* SUPPLIED DATA *
──────────

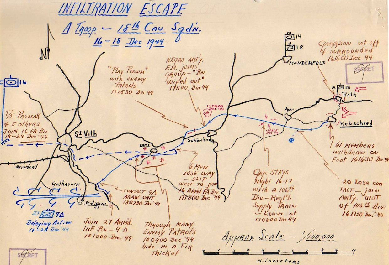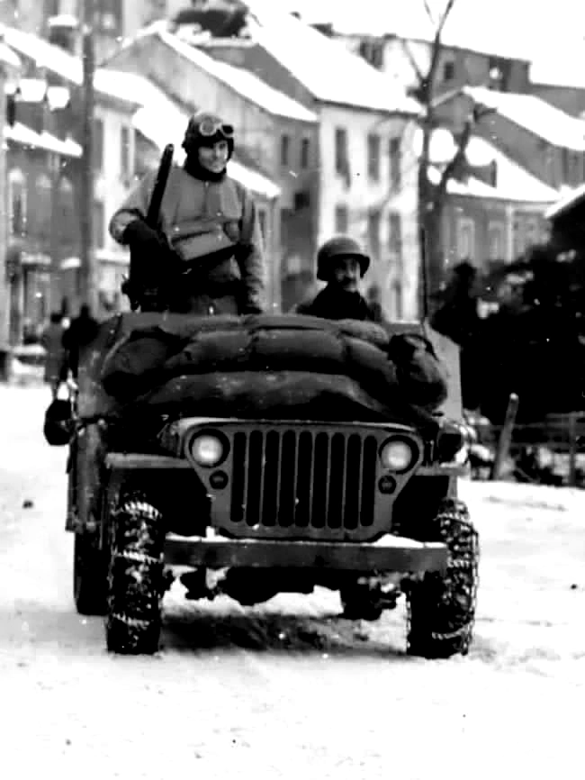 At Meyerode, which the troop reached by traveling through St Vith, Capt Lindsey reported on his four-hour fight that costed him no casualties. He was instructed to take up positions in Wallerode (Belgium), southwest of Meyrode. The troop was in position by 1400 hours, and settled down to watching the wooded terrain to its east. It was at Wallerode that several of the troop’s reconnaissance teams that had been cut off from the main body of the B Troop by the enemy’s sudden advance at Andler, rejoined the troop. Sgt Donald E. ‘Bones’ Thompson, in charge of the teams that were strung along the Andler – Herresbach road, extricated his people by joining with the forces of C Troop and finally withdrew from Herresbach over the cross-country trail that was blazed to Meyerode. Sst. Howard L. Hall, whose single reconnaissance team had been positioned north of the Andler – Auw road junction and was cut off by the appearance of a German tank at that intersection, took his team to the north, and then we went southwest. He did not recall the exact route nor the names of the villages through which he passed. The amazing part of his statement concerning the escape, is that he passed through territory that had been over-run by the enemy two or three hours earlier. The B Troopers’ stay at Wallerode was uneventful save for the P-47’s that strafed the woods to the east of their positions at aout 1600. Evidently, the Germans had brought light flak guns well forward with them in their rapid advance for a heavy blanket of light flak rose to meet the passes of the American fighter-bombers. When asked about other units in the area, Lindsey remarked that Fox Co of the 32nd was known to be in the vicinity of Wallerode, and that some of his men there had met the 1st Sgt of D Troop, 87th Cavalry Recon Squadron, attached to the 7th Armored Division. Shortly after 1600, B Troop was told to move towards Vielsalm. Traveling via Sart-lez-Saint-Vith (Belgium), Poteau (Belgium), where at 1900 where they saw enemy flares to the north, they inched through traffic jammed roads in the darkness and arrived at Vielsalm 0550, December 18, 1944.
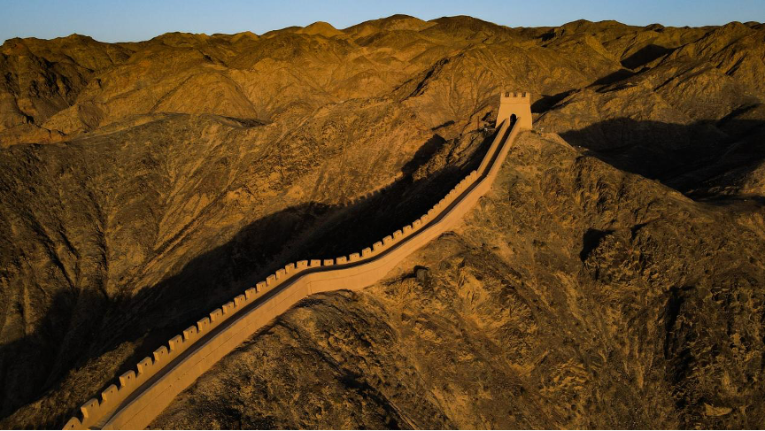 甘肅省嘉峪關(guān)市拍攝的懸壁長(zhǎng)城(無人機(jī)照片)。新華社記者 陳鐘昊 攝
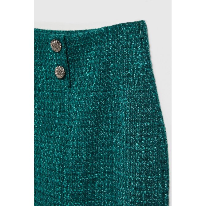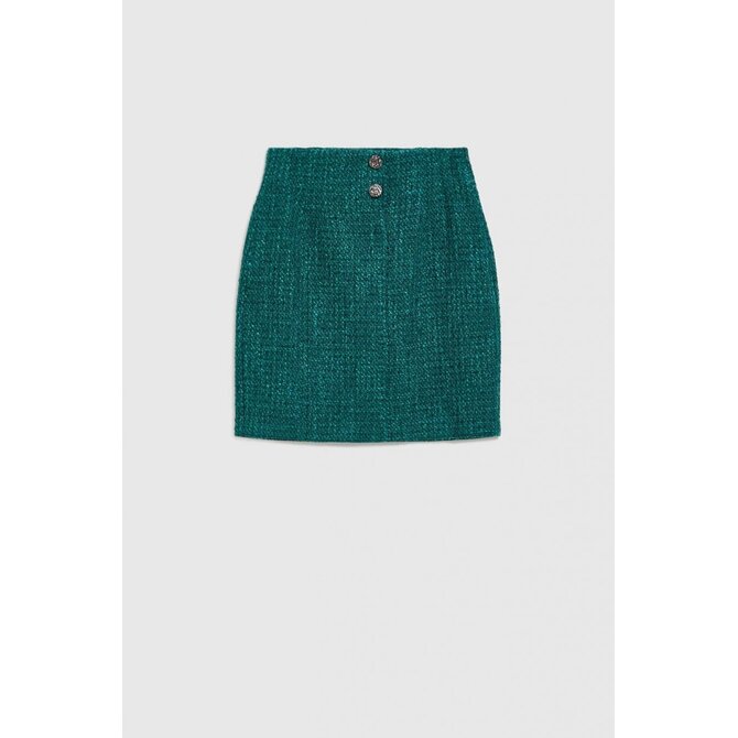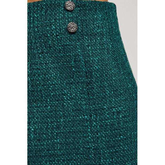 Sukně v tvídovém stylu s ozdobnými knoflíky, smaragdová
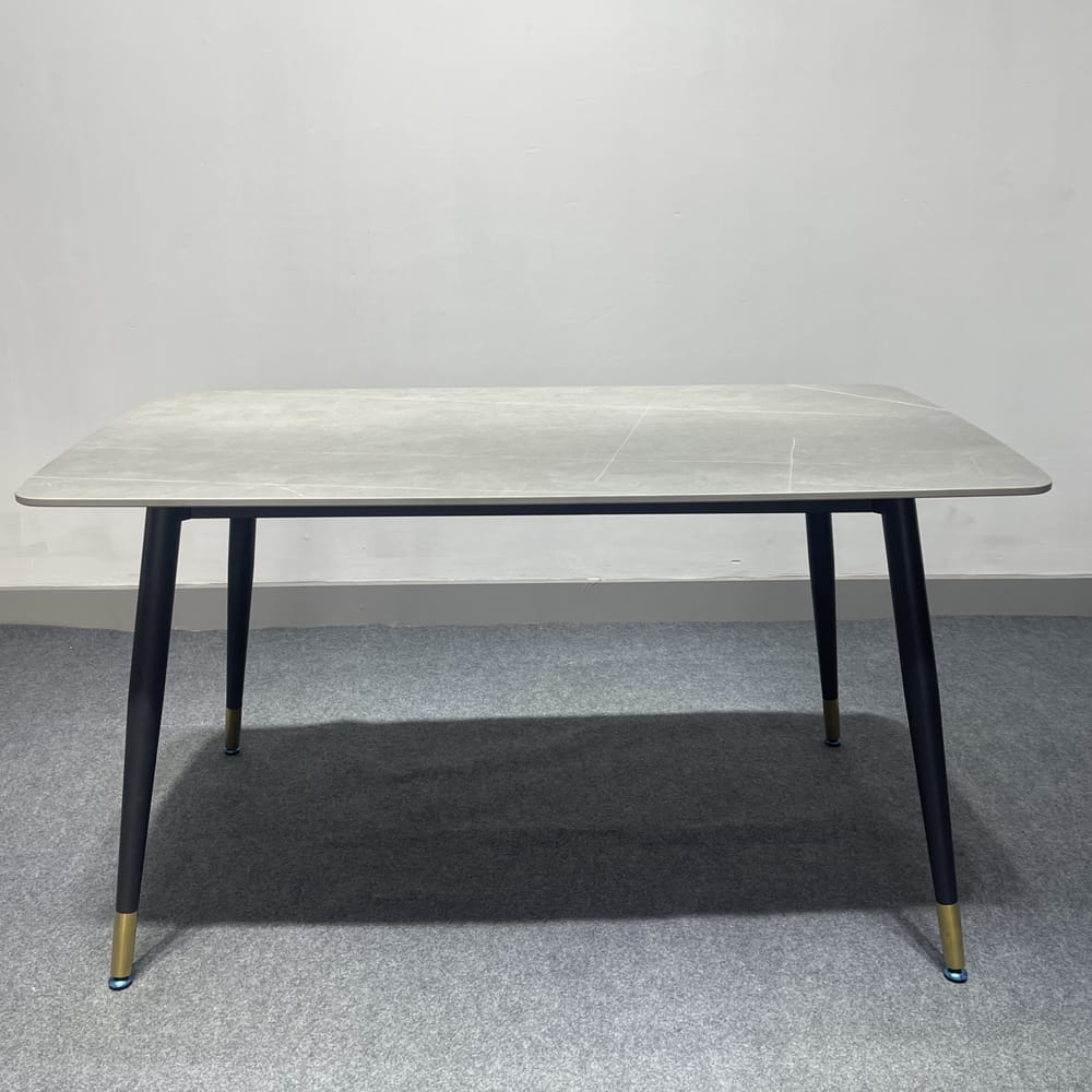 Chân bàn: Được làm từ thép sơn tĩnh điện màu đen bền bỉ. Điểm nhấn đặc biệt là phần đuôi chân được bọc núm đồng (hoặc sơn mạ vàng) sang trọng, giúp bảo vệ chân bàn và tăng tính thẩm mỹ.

──────────

* WORK INSTRUCTION *
Make an exact copy of the lines from the one holding "甘肅省嘉峪關(guān)市拍攝的懸壁長(zhǎng)城(無人機(jī)照片)。新華社記者 陳鐘昊 攝" through the end of the material, both ends included, and keep the pictures out of it.

* WRITTEN SOLUTION *
 甘肅省嘉峪關(guān)市拍攝的懸壁長(zhǎng)城(無人機(jī)照片)。新華社記者 陳鐘昊 攝
 Sukně v tvídovém stylu s ozdobnými knoflíky, smaragdová
 Chân bàn: Được làm từ thép sơn tĩnh điện màu đen bền bỉ. Điểm nhấn đặc biệt là phần đuôi chân được bọc núm đồng (hoặc sơn mạ vàng) sang trọng, giúp bảo vệ chân bàn và tăng tính thẩm mỹ.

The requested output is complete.